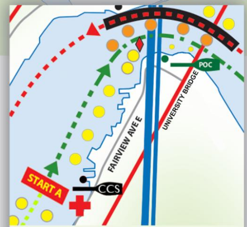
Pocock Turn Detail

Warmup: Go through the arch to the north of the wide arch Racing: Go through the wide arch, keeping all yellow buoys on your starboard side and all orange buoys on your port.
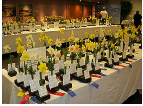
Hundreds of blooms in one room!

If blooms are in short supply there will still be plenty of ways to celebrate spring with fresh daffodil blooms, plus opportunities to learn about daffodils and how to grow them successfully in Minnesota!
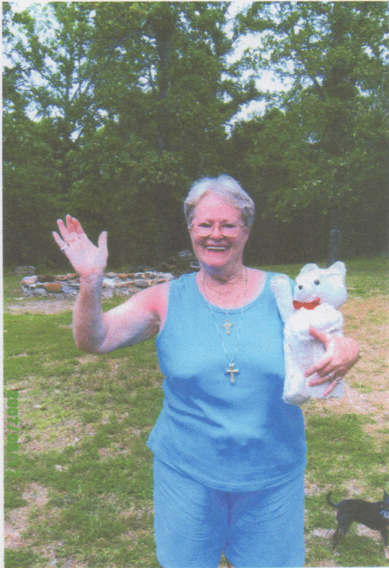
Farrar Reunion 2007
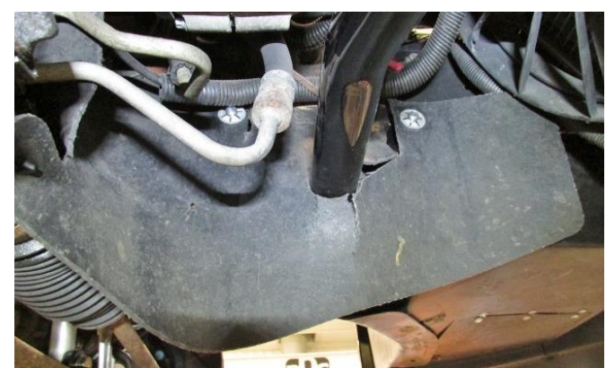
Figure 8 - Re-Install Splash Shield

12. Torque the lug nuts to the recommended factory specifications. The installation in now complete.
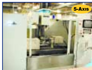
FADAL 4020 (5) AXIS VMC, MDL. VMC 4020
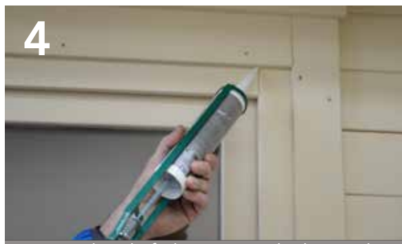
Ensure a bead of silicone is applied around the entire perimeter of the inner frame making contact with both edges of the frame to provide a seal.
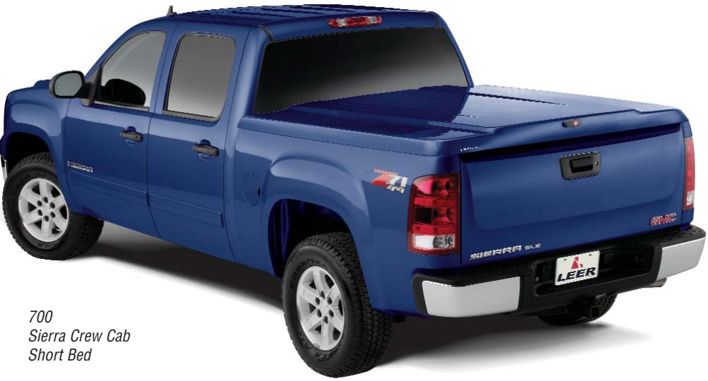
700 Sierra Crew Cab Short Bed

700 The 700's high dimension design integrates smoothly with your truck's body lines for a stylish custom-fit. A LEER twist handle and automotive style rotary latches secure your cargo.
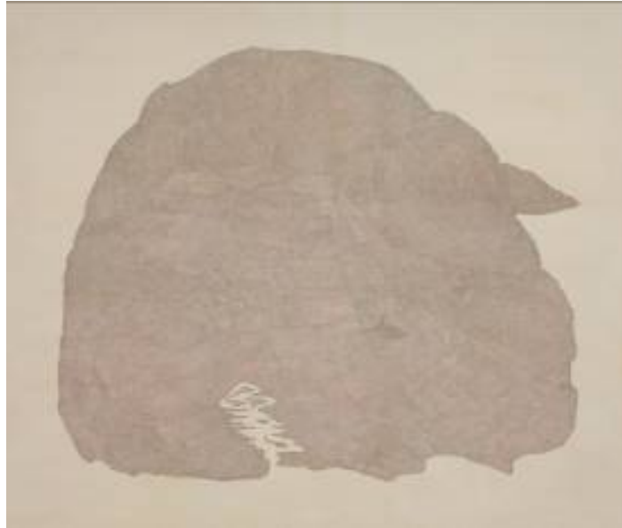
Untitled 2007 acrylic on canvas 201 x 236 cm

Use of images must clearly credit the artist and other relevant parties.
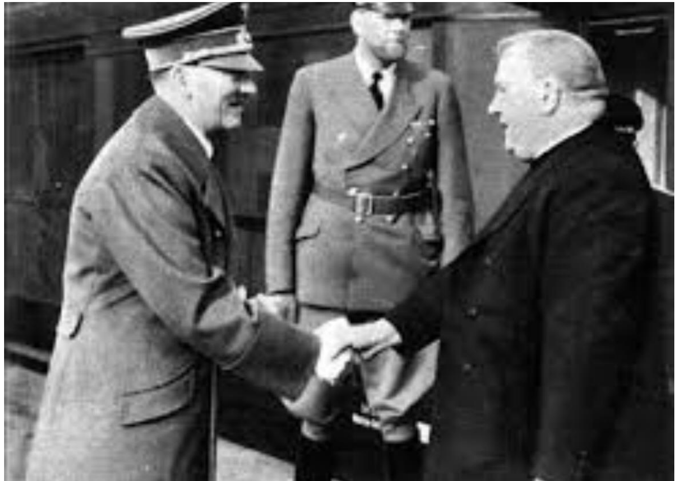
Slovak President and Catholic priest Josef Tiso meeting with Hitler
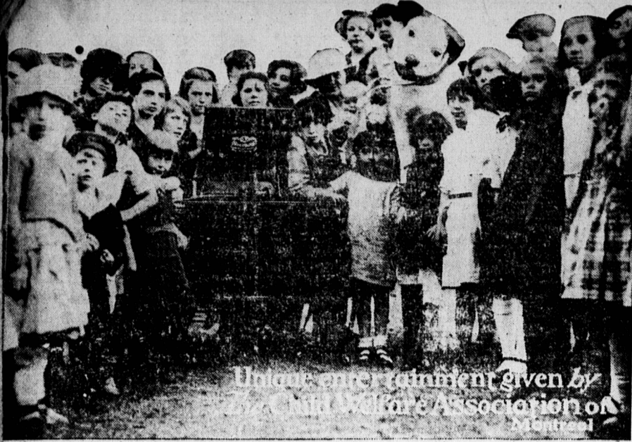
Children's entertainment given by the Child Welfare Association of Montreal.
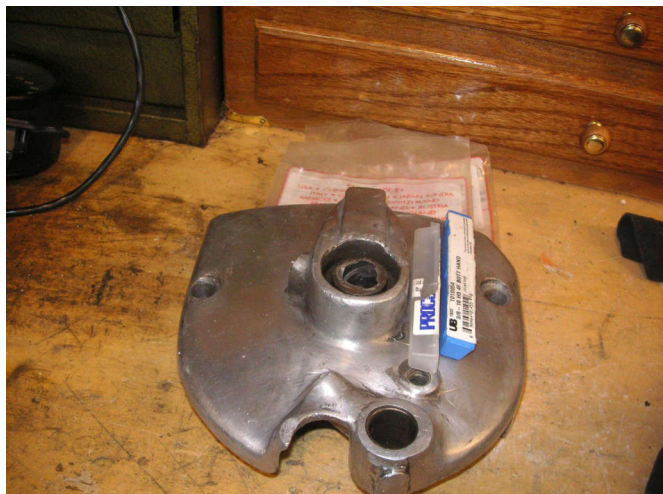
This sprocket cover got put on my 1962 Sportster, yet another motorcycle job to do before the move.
++++++++++
▶ WORK TO COMPLETE:
Set down the full listing above with its wording unchanged. Leave out its images.

▶ RESULT:
Pocock Turn Detail

Warmup: Go through the arch to the north of the wide arch Racing: Go through the wide arch, keeping all yellow buoys on your starboard side and all orange buoys on your port.
Hundreds of blooms in one room!

If blooms are in short supply there will still be plenty of ways to celebrate spring with fresh daffodil blooms, plus opportunities to learn about daffodils and how to grow them successfully in Minnesota!
Farrar Reunion 2007
Figure 8 - Re-Install Splash Shield

12. Torque the lug nuts to the recommended factory specifications. The installation in now complete.
FADAL 4020 (5) AXIS VMC, MDL. VMC 4020
Ensure a bead of silicone is applied around the entire perimeter of the inner frame making contact with both edges of the frame to provide a seal.
700 Sierra Crew Cab Short Bed

700 The 700's high dimension design integrates smoothly with your truck's body lines for a stylish custom-fit. A LEER twist handle and automotive style rotary latches secure your cargo.
Untitled 2007 acrylic on canvas 201 x 236 cm

Use of images must clearly credit the artist and other relevant parties.
Slovak President and Catholic priest Josef Tiso meeting with Hitler
Children's entertainment given by the Child Welfare Association of Montreal.
This sprocket cover got put on my 1962 Sportster, yet another motorcycle job to do before the move.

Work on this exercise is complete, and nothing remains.